Publieke belangen leiden tot selectief gebruik van Schiphol.
Het Schipholbeleid voor de lange termijn moet gebaseerd zijn op nationale publieke belangen. Schiphol moet daarbij zorgen voor de optimale bereikbaarheid, waarbij voldaan wordt aan de nationale belangen van zowel economie als milieu. Een selectief gebruik van Schiphol en de overige Nederlandse luchthavens is de beste oplossing om deze optimale bereikbaarheid te realiseren. Het is aan de politiek om heldere keuzes te maken in de afweging van deze nationale belangen. Dit schrijven de Raad voor Verkeer en Waterstaat en de VROM-raad aan Minister Eurlings van Verkeer en Waterstaat over de langetermijnontwikkeling van Schiphol.
In zijn advies ‘Helder kiezen, keuzes helder maken’ adviseert de Raad voor Verkeer en Waterstaat over de langetermijnverkenning Schiphol die de Minister van Verkeer en Waterstaat 20 maart 2008 naar de Tweede Kamer heeft gezonden.
Na de mythe van de dubbeldoelstelling uit 1995 en het toestaan van groei van Schiphol binnen vaste milieurandvoorwaarden in 2003, pleit de Raad voor een ander uitgangspunt voor het Schipholbeleid. Het gebruik van Schiphol en de overige Nederlandse luchthavens moet zorgen voor de gewenste mate van bereikbaarheid waarbij voldaan wordt aan de publieke nationale belangen economie en milieu. De omvang van Schiphol volgt uit deze nationale belangen en niet uit het bedrijfsbelang van Schiphol.
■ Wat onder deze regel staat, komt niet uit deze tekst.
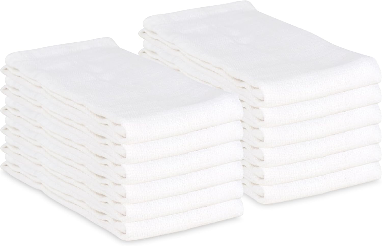 - OVERSIZED HUCK TOWEL BULK PACK: Our 12 pack of huck towel cleaning cloths measure 16" x 26" (10" bigger than standard microfiber cleaning cloths). Our vibrant huck towels are available in several colors. Blue, Green, Orange, Pink, Yellow, and White. Professionals use color-coding, for instance, clean bathrooms with one color cloth, and dining rooms with another color.

De gewenste mate van bereikbaarheid vereist een politieke keuze in de afweging tussen economie en milieu. Deze afweging dient continu plaats te hebben zonder vaste economische en milieurandvoorwaarden. Naar de mening van de Raad dient maximale groei van Schiphol het milieubelang niet en vergaande krimp de economie niet.
De Raad pleit daarom voor selectief gebruik van Schiphol en de overige Nederlandse luchthavens. Dat kan door niet hubgebonden luchtvaartsegmenten uit te plaatsen uit Schiphol. Chartervluchten, low cost carriers en vliegtuigen die alleen vracht vervoeren, komen hiervoor in aanmerking. Voor uitplaatsing kunnen regionale luchthaven, militaire luchthavens en mogelijk ook buitenlandse luchthavens worden gebruikt. De Raad adviseert tevens om prioriteit te geven aan die bestemmingen en frequenties die nodig zijn voor de benodigde bereikbaarheid van Nederland.
Voor de realisatie van selectief gebruik van Schiphol en de overige Nederlandse luchthavens ziet de Raad een grote rol voor het Rijk weggelegd.
Naast selectief gebruik van luchthavens pleit de Raad ervoor bij de totstandkoming van het langetermijnbeleid voor Schiphol rekening te houden met de effecten van huidig en toekomstig CO2-beleid op de vraag naar luchtvaart.
Om de betrouwbaarheid van de vliegoperaties op Schiphol te verhogen kan aanleg van de 6e baan (parallelle Kaagbaan) belangrijk zijn. De Raad adviseert derhalve de ruimtelijke reservering van deze baan te verlengen. Naar de mening van de Raad zou het dan mogelijk moeten zijn een andere baan te sluiten.